To sign a message $M = m_1 \ldots m_n$, you calculate $h(M) = h(m_1) \oplus \ldots \oplus h(m_n)$ then $S(M) = \textsf{RSASSA}(h(M))$ where $\textsf{RSASSA}$ is some RSA-based signature mechanism. $h$ is presumably a cryptographic hash function. You're looking for a weakness of this signing method.
Start small. Given $M = m_1 m_2$, can you think of another message $M'$ such that $S(M) = S(M')$? (Note that a weakness could be more complicated than this. For example, it could be impossible to find two messages with the same signature, but possible to derive the signature of $M'$ from the signature of $M$. However, in this case, it is possible to forge another message with the same signature.)
$S(m_1 m_2) = \textsf{RSASSA}(h(m_1) \oplus h(m_2)) = \textsf{RSASSA}(h(m_2) \oplus h(m_1)) = S(m_2 m_1)$
Follow-up exercise (easy): given an arbitrary message $M = m_1 \ldots m_n$, find a longer message with the same signature. Hint:
Above I used the fact that $\oplus$ is commutative. What other algebraic properties does $\oplus$ have?

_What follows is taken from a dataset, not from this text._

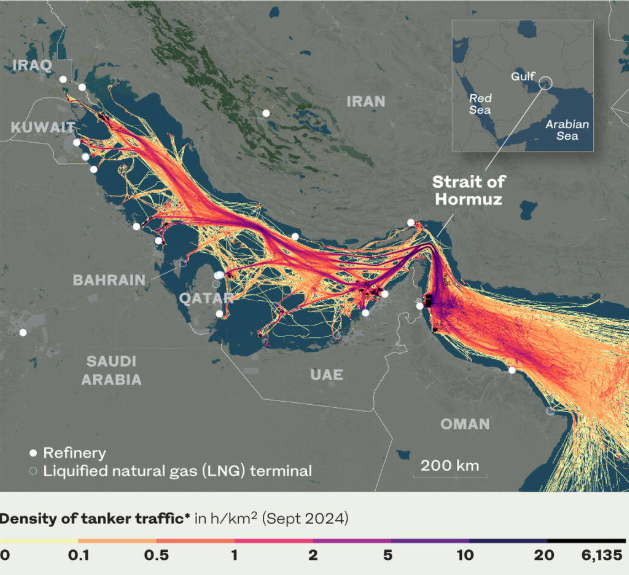 انشورنس کمپنیوں کو انٹیلی جنس سروسز فراہم کرنے والے ادارے سکائی ٹیک کی جانب سے ایکس پر ایک پوسٹ میں بتایا گیا ہے کہ ’100 سے زائد کنٹینر شپس، ساڑھے چار سو آئل اینڈ گیس ٹینکرز اور 200 کیریئرز اس وقت آبنائے ہرمز کے اندر ہیں اور ممکنہ طور پر پھنسنے کے خطرات سے دوچار ہیں۔‘

The normal way to sign a message $m_1 \ldots m_n$ is of course $\textsf{RSASSA}(h(m_1 \ldots m_n))$. If you also want to be able to verify the signature of one part independently, one solution is to build a hash tree and sign the root hash. A two-level hash tree would be $h(h(m_1) \ldots h(m_n))$. If you transmit the signature $\textsf{RSASSA}(h(h(m_1) \ldots h(m_n)))$ as well as the list of individual hashes $(h(m_1), \ldots, h(m_n))$ then it's possible to verify the signature of any of the individual $m_i$. Signatures are larger than hashes and more expensive to compute, so this can save resources compared so signing each $m_i$ independently.